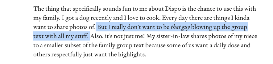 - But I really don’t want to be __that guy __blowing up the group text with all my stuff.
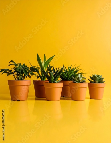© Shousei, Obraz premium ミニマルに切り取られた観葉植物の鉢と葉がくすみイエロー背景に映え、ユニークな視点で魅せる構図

* * *

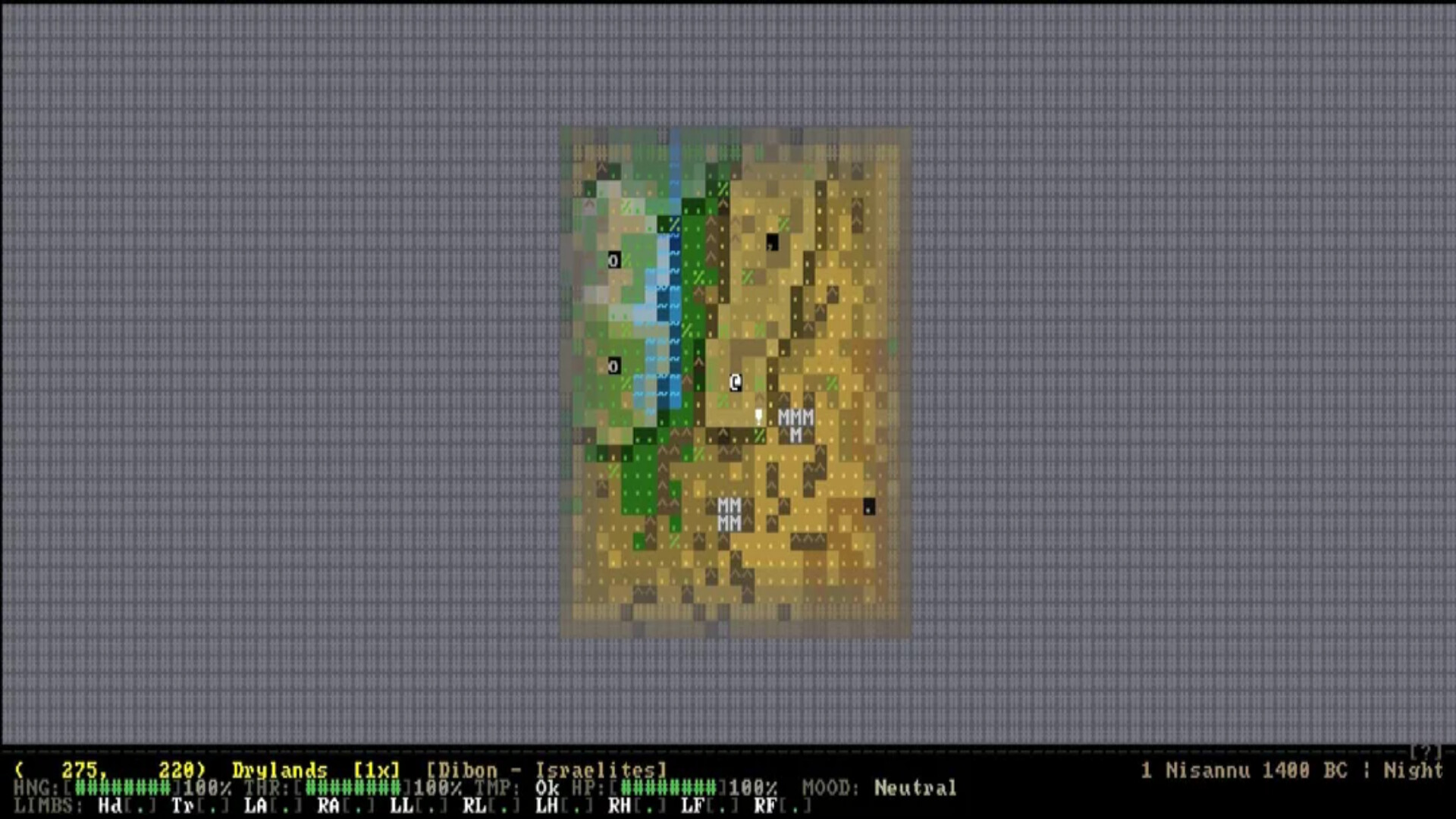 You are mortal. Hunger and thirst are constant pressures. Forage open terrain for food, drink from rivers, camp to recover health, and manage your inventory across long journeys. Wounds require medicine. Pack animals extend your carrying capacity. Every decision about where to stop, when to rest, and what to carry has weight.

DIRECTIONS FOR THIS TASK — Produce an exact reproduction of the listing above, limited to the lines starting at the line with "- But I really" and ending at the line with "Obraz premium ミニマルに切り取られた観葉植物の鉢と葉がくすみイエロー背景に映え、ユニークな視点で魅せる構図", both kept, with every picture left out.

ANSWER TO THE EXERCISE —
 - But I really don’t want to be __that guy __blowing up the group text with all my stuff.
© Shousei, Obraz premium ミニマルに切り取られた観葉植物の鉢と葉がくすみイエロー背景に映え、ユニークな視点で魅せる構図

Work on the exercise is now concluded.